Abstract
Transversal, dento-alveolar expansions of dental arches are regularly performed in clinical practice without considering their long-term stability (long-term success). In a retrospective longitudinal study we thus evaluated the extent of transversal dento-alveolar changes during and after removable therapy with active arch expansion plates in 107 patients with mixed and early permanent dentition and optimal compliance (wear time 10-16 h/day).
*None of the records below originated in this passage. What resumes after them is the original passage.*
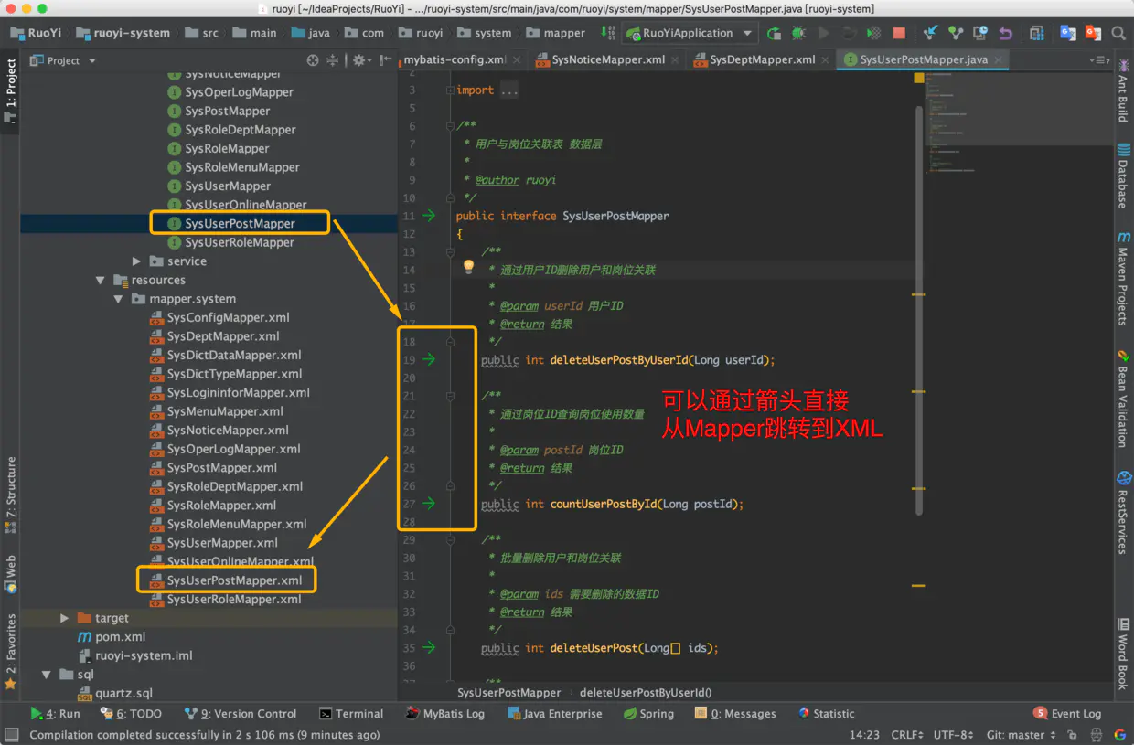 除了全局搜索以外,如何方便地在Mybatis的mapper Java接口方法和mapper XML文件之间来回切换?
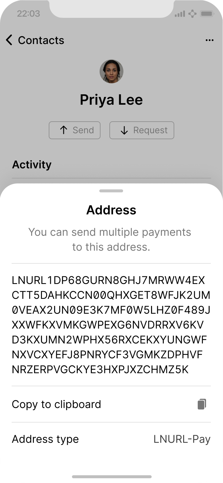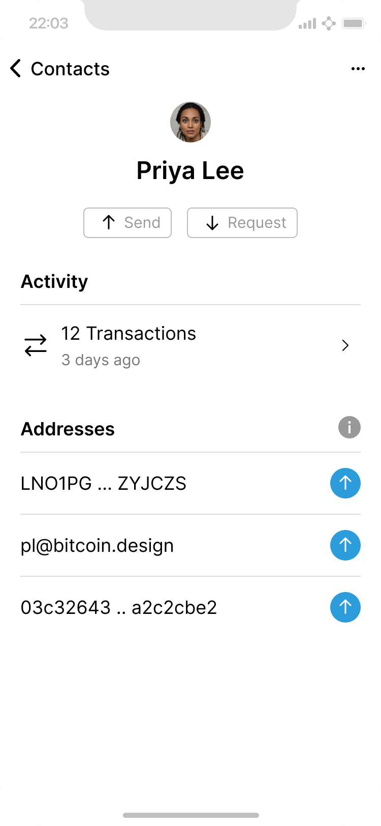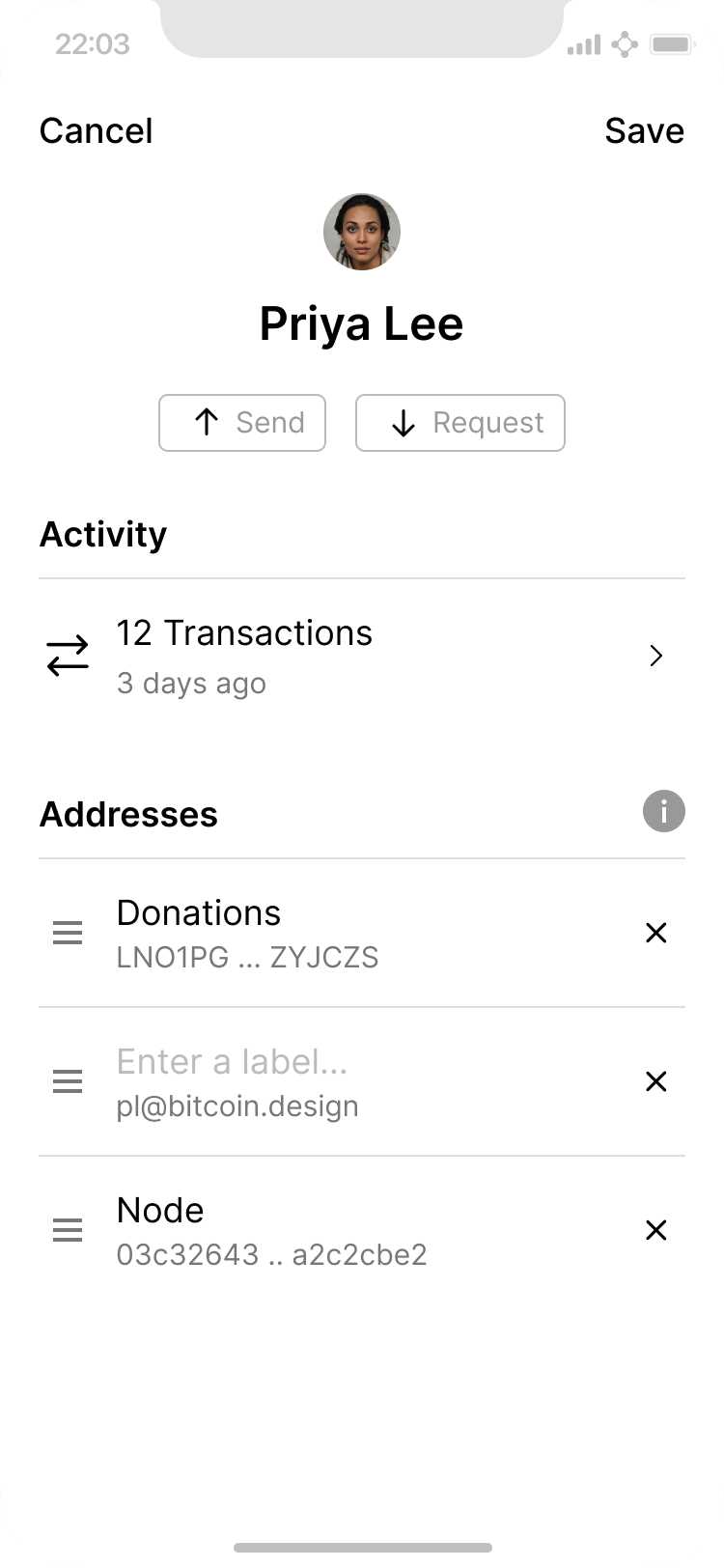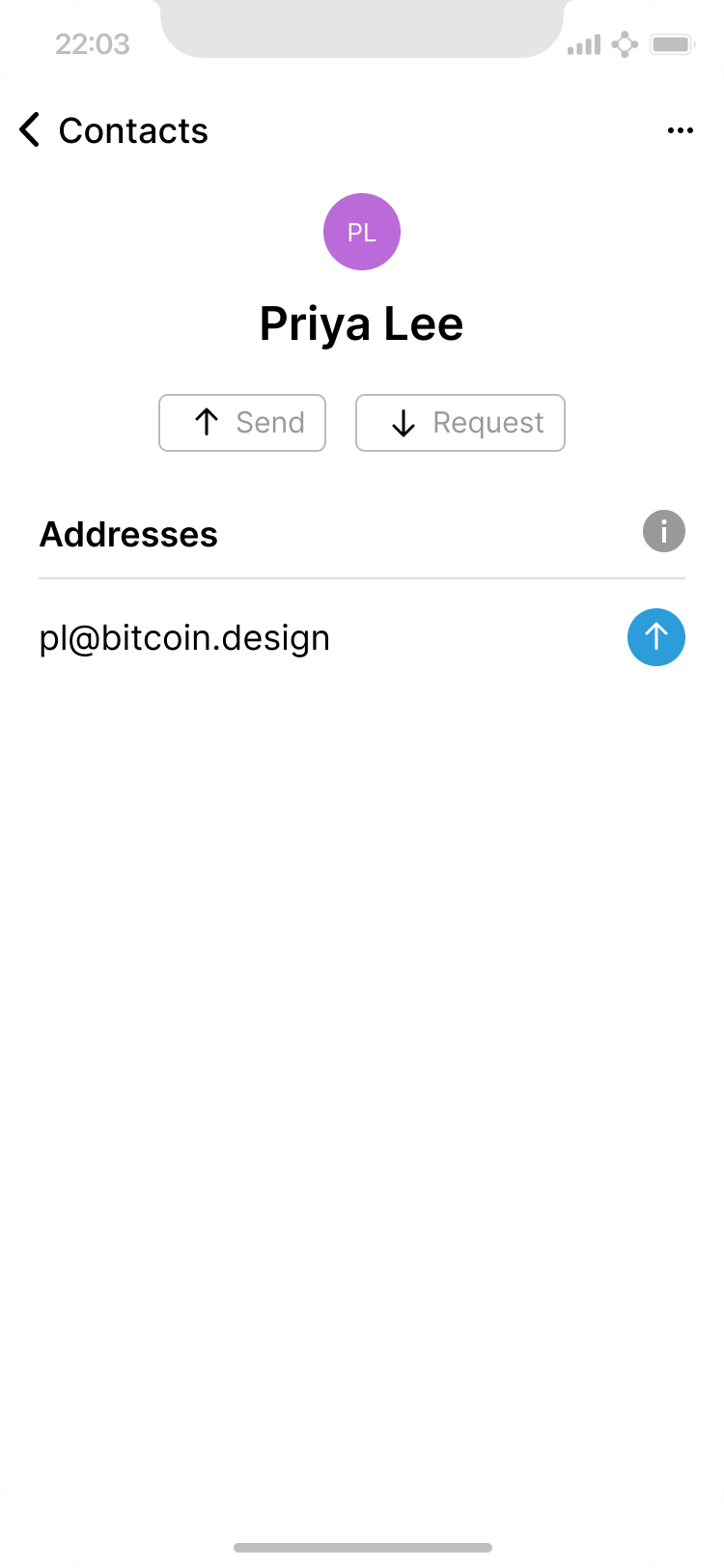 Invoices, node IDs and other transaction endpoints in bitcoin and lightning are highly unintuitive. Abstracting them via a contact list can create a much smoother user experience. There are many payment request formats, each with unique properties and varying levels of maturity and adoption, requiring unique design solutions. This page uses the more approachable term “address”, along with various UI techniques, to abstract these complexities for users.
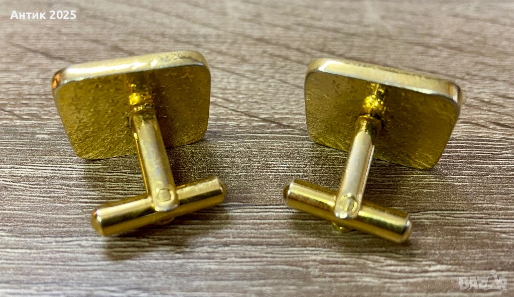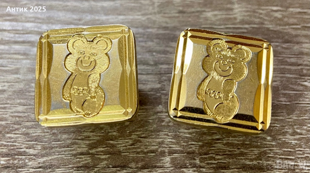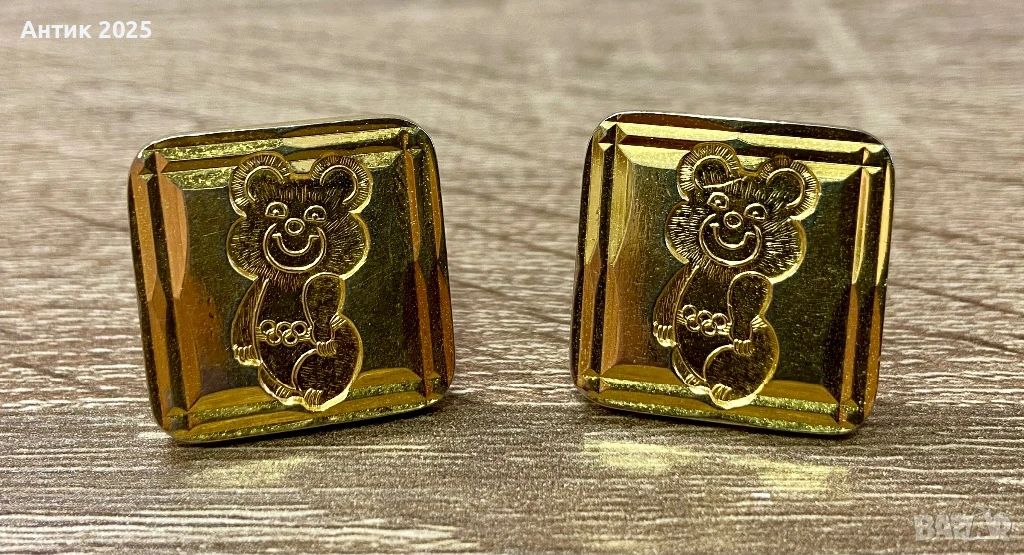 винтидж копчета за ръкавели с изображение на Олимпийското мече — талисмана на Олимпийските игри в Москва през 1980 г. Изработени в златист тон, с релефно изображение на усмихнатото мече и елегантна геометрична рамка.
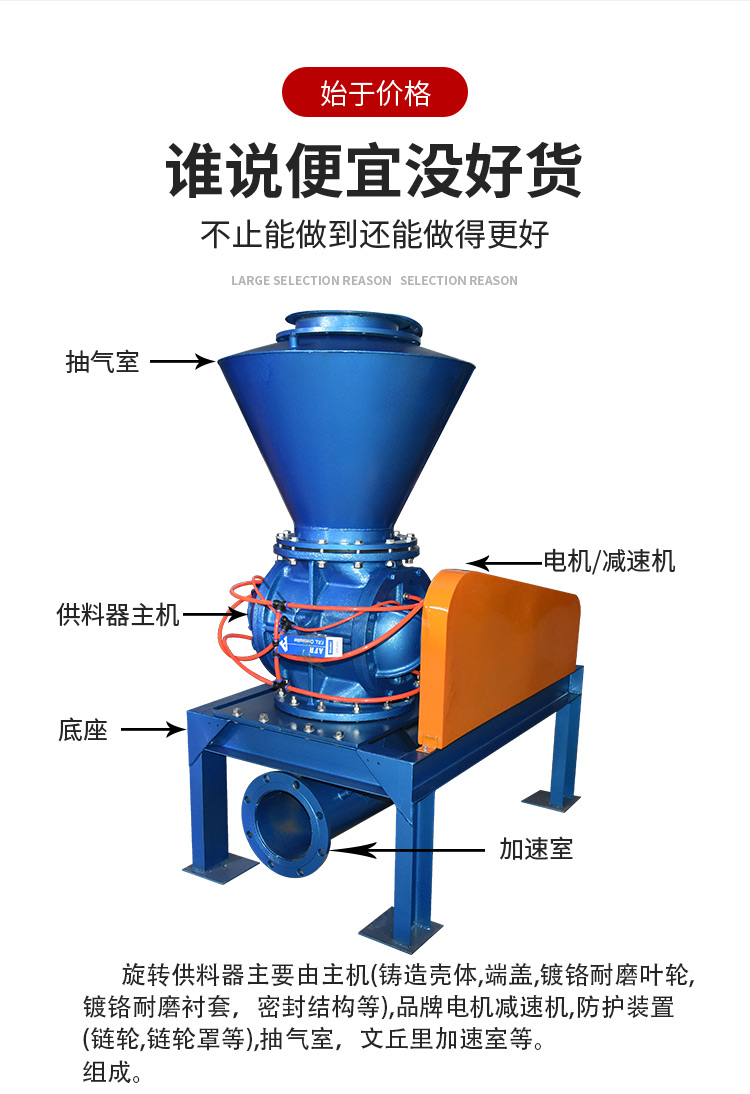 旋轉供料器的主要構成是:主閥(殼體、端蓋、葉輪)、電機減速機、防護裝置(鏈輪)、抽氣室、加速室、防卡進料器等。
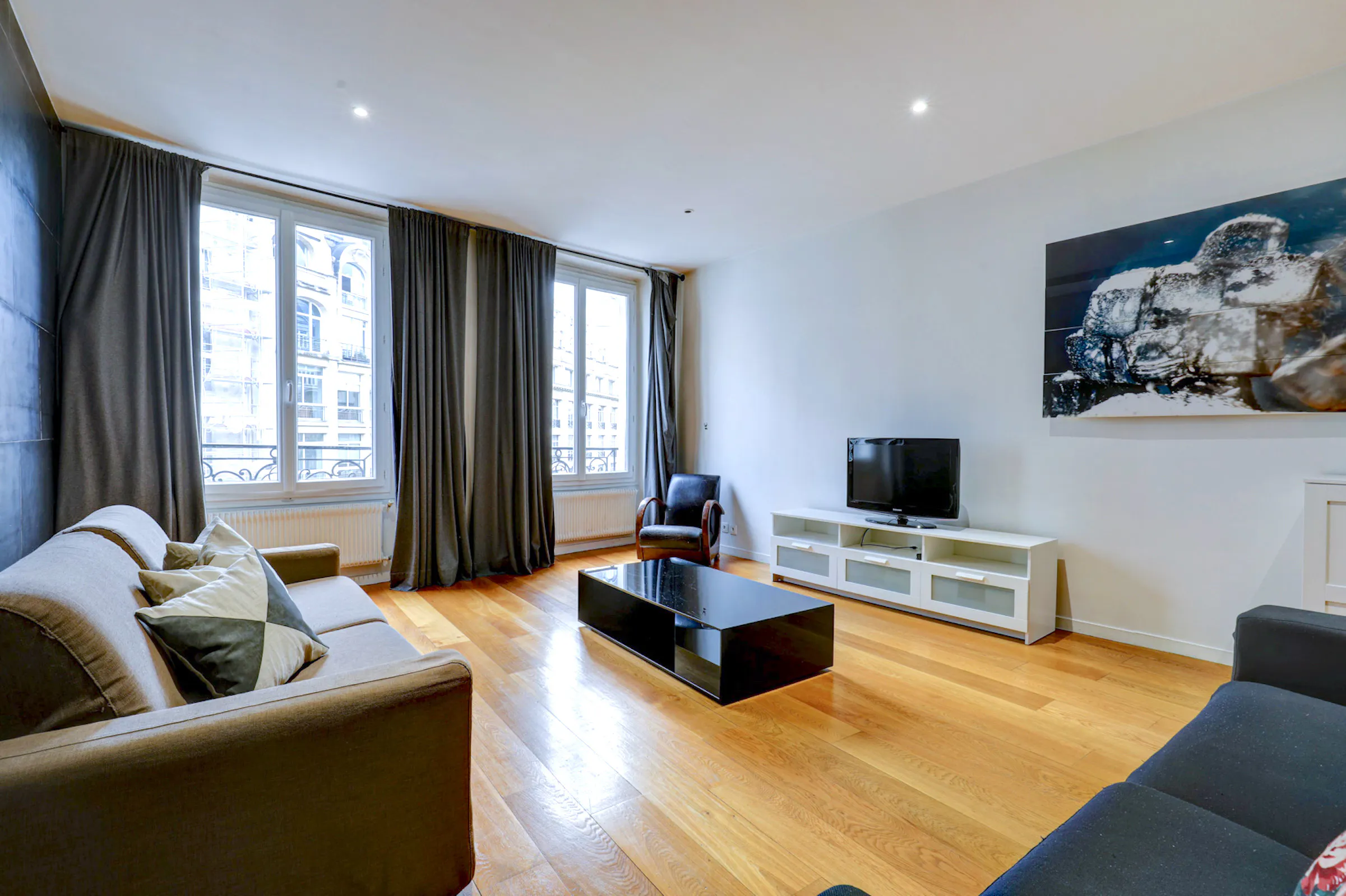 Experience living in the heart and center of Paris with this spacious 1-bedroom, 78 sqm apartment located on the 4th floor of a safe and secure residential building without an elevator. Feel at home with this Upper Key fully furnished flat located by Montorgueil Quarter. There is a space that can be used as a living, dining or home office area. It is furnished with a sofa bed, and a dining table and chairs. The flat comes with a high-speed Wi-Fi connection so you can stay in touch with family and friends, check your emails or stream your favorite shows and find that work-life balance. The fully equipped kitchen has a sink, toaster, electric tea kettle, full refrigerator, stove, drip coffee machine, microwave oven, dishwasher and more. Dishes, cutlery, pots and pans and cooking utensils are provided as well. The apartment has a combination clothes washer and dryer. A vacuum, broom, mop and cleaning supplies are also available in the apartment. The property is heated throughout the winter months with central heating. The bedroom faces the interior courtyard and comes furnished with a king size bed and superior quality mattress. All bedding and linens are provided and professionally laundered. This property best suited for 2 tenants but can host up to 4 guests. The flat has one en-suite shower room with a combination bathtub/shower and sink. The toilet is located in a separate water closet accessible via the hallway. You will find a small sample soap, shampoo, toilet paper and paper towels to start off your stay, as well as bath towels for the number of guests. The charming Montorgueil district is the ideal location for those looking to immerse themselves in the city’s atmosphere. The famous market street of Rue Montorgueil is steps from your front door, and offers a wide range of restaurants, boulangeries, cafes, butchers, cheese shops, fruit stalls and more! Both the Pompidou Center and the Louvre Museum are within walking distance to the flat. The beautiful Palais Royal and its secret gardens are also close by. With its close proximity to the Metro station Bourse, Châtelet-Les Halles or Etienne Marcel (Lines 3, 4 & RER A/B/D), accessing other areas of Paris is very easy. Just hop on the train to reach Opera, the Eiffel Tower, Champs Elysees and Arc de Triomphe, Montmartre and the Sacre Coeur and more! The Les Halles Station is a 5 minutes’ walk as well, giving you a quick link to Charles de Gaulle and Orly Airports from central Paris. Once your booking is confirmed, you will receive information with details regarding arrival, in-stay and departure procedures. A member of our welcoming team will personally greet you to let you in and show you around the property. We’ll remain at your service during the entire stay with 24/7 guest support so you can make maintenance requests, schedule additional cleanings and linen changes (for an additional fee), extend your stay and more. Tenant safety and cleanliness are always our top priorities. Our professional housekeeping staff cleans and sanitises each property between each reservation, following a rigorous checklist from public health authorities and cleaning and disinfecting all high touch areas and hard surfaces. Additional items to note: - This property can be booked for a minimum duration of one month up to one year or longer. - The property may vary slightly from the photos due to recent renovations, furniture rearrangements or other. - A refundable deposit of the value of one month’s rent plus charges will be required by move-in. - Utilities and expenses like water, electricity, gas, Wi-Fi, local taxes and insurance are covered by your accommodation fee as long as they do not exceed € per month - This property is strictly non-smoking, and pets are not allowed. Parties and excessive noise will not be tolerated. - As part of the rental procedure, we may ask for documents to prove the identity of the tenants and occupation, including ID, work contract, proof of income or other....

Orthodontic model series at start (AM) and end of treatment after retention (SM) as well as 0.6-6.2 years after retention (KM) allowed an assessment of relapse and long-term stability of the transversal expansion, which was quantified as intercanine distance (ICD-OK/UK) as well as anterior (4 +/- 4) and posterior (6 +/- 6) dental arch width. In the upper dental arch, on average 76 % (2.2 mm, ICD-OK), 55 % (1.4 mm, 4 + 4) and 56 % (1.8 mm, 6 + 6) of the transversal expansion remained stable long-term, whereas in the lower dental arch total relapse occurred regarding ICD-UK with a posterior permanent success of 40 % (0.8 mm, 4-4) and 66 % (2.1 mm, 6-6). An initially transversally constricted dental arch, an early start of therapy as well as extraction of premolars (ICD-OK) and initial crowding (ICD-UK) had positive effects on long-term success. Except for ICD-UK, dentoalveolar transversal expansion can thus be performed relatively successfully, however, with limited long-term stability.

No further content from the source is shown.